1990 - Tim Berners-Lee and Robert Cailliau, working at the European Organisation for Nuclear Research (CERN), jointly propose to create a hypertext system (HTTP and HTML) accessible via browsers, which would form the basis of the World Wide Web.

1992 - The Internet Society is formed and the IETF is transferred to operate under it as an independent international standards body.

1993 - One of the first graphical web browsers, Mosaic, is released by Marc Andreessen at the US National Centre for Supercomputing Applications.

1994 - A DSL Forum is formed to help telephone companies and their suppliers realise the great market potential of ADSL.

1995 - The first internet phone software is released by Vocaltec.

1996 - POP3 (Post Office Protocol version 3) is published.

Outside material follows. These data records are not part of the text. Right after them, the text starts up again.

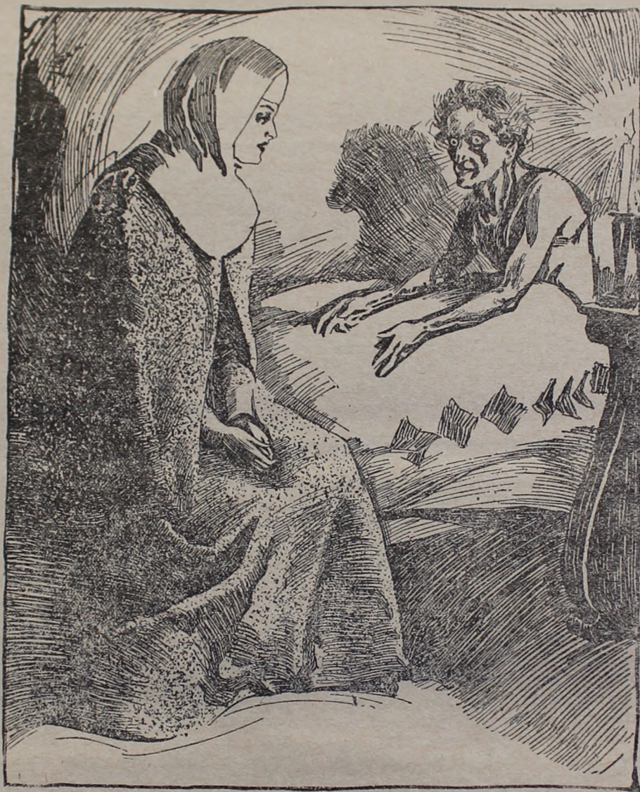
DYING MAN SEES HIS SPIRIT WIFE.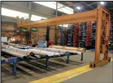
DUAL-HOIST SINGLE-LEG GANTRY CRANES

To discuss your requirements for an auction, please call Perfection Industrial 847.427.3333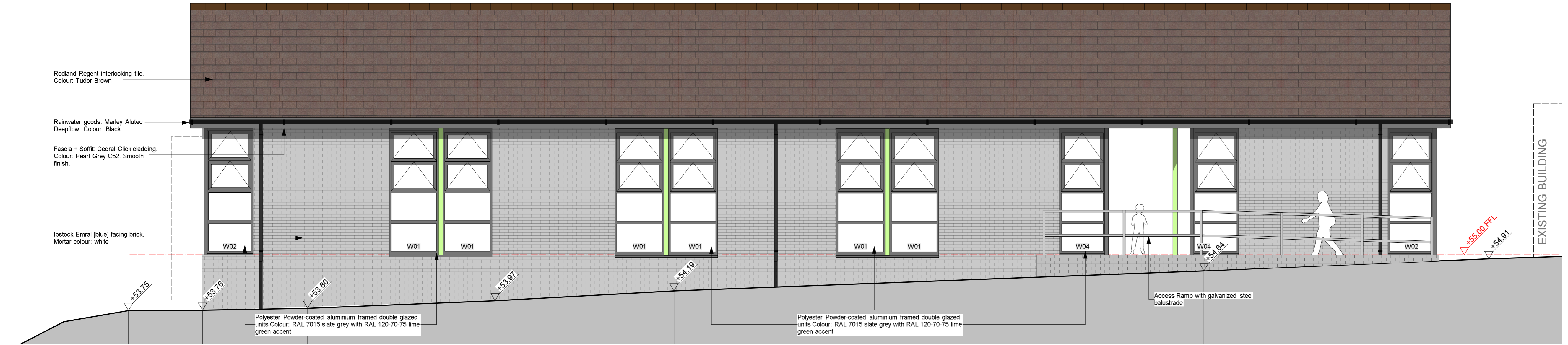
[NORTH WEST ELEVATION] Scale: 1:50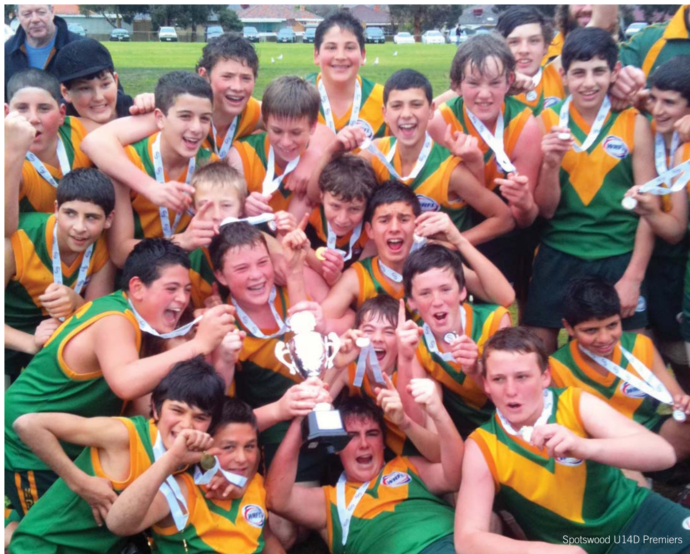
Spotswood U14D Premiers

The Association would like to thank the co-operation of all the WRFL Executive Board and staff for the progress we have made in 2010 and look forward to 2011.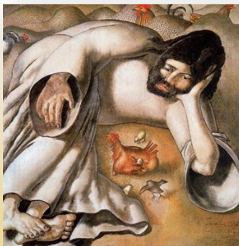
Stanley Spencer ... "as a hen gathers her brood" (Luke 13:34)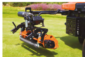
Easy access swing-out centre cutting unit

New linear actuators with exceptionally long life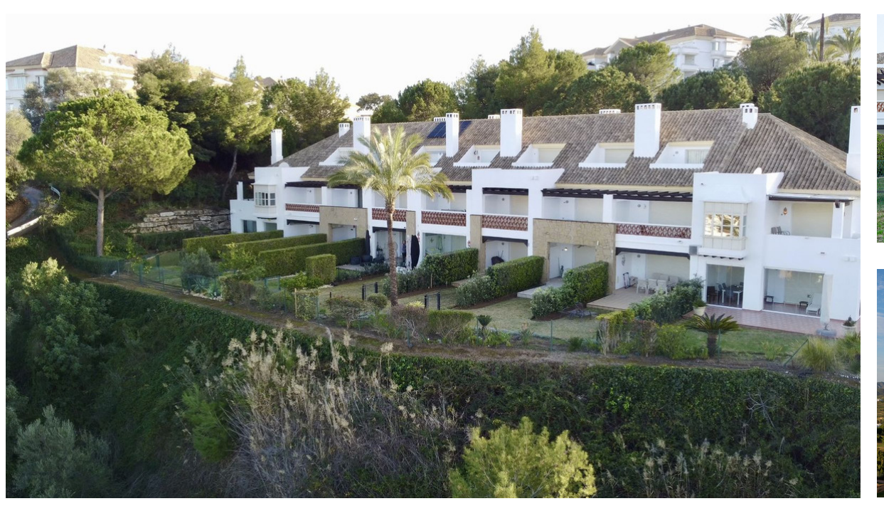
La Cala Golf

IBI: 883 EUR / year Rubbish: 128 EUR / year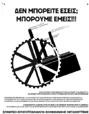
Poster of the recuperated and refashioning under workers control factory of the "Industrial Metal Co" (2012).

them as a tool of organisation and resistance against the crisis, integrating them in the development of solidarity structures in the neighbourhoods, defending public spaces etc. Side by side to those, there is a series of co-operatives , from coffee shops and taverns, courier delivery companies and computer repair-shops to bookshops and agricultural co-operatives of unemployed women. These actual paradigms have contributed immensely to spreading the idea and the practices of socialised and self-managed forms of employment and solidarity economy. Up to November of 2012, 93 social enterprises have submitted their papers to register in the record of Ministry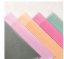
2021-2023 In Color Shimmer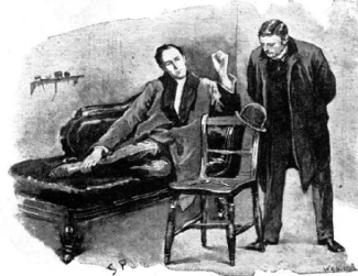
"A VERY SEEDY HARD FELT HAT."

"No, no. No crime," said Sherlock Holmes, laughing. "Only one of those whimsical little incidents which will happen when you have four million human beings all jostling each other within the space of a few square miles. Amid the action and reaction of so dense a swarm of humanity, every possible combination of events may be expected to take place, and many a little problem will be presented which may be striking and bizarre without being criminal. We have already had experience of such."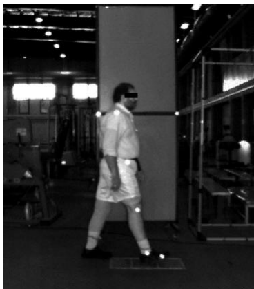
Fig. 1 The locations of markers used in the gait analysis experiment.

The hip and knee angles during the swing phase have been used from an experiment in which a transfemoral amputee was asked to walk along a walkway at his natural cadence. He was 45 years old, 165 cm high, with 85kg weight, and had more than 12 months experience in using a transfemoral prosthesis with Endolite esprit foot (Chas. A. Blatchford and Sons Ltd, Basingstoke, UK) and a Naptesco Hybrid knee (Naptesco Corp., Japan). Kinematic data of the lower limb during walking were measured by a motion analysis system (WINalyze 1.4, 3D, Mikromak GmbH, 1998, Germany). A high speed camera (Kodak Motion Corder, SR-1000, Dynamic Analysis System Pte Ltd, Singapore) was used to record the two-dimensional motion of the body segments taken at 125 \text{ frames s}^{-1} . As shown in Fig. 1, three reflective markers were attached to ankle (lateral malleolus), knee (lateral femoral epicondyle) and hip (greater trochanter). The subject velocity was almost 50 steps/min.

1996 - Internet phones catch the attention of US telecommunication companies, which ask the US Congress to ban the technology.

1997 - The original version of IEEE 802.11, the wireless LAN standard, is released.


1997 - 2 000th request for comments – “Internet Official Protocol Standards” – from the internet Architecture Board. The American Registry for Internet Numbers (ARIN) is established to handle administration and registration of IP numbers to the geographical areas currently handled by Network Solutions (InterNIC), starting March 1998.

1998 - Three IP switch manufacturers introduce equipment capable of switching.


1998 - French internet users give up their access on 13 December to boycott France Telecom's local phone charges (which are in addition to the ISP charge).

2005 - The one-billionth internet user goes online.

2006 - Mass-market VOIP services over broadband internet access services are popular and successful.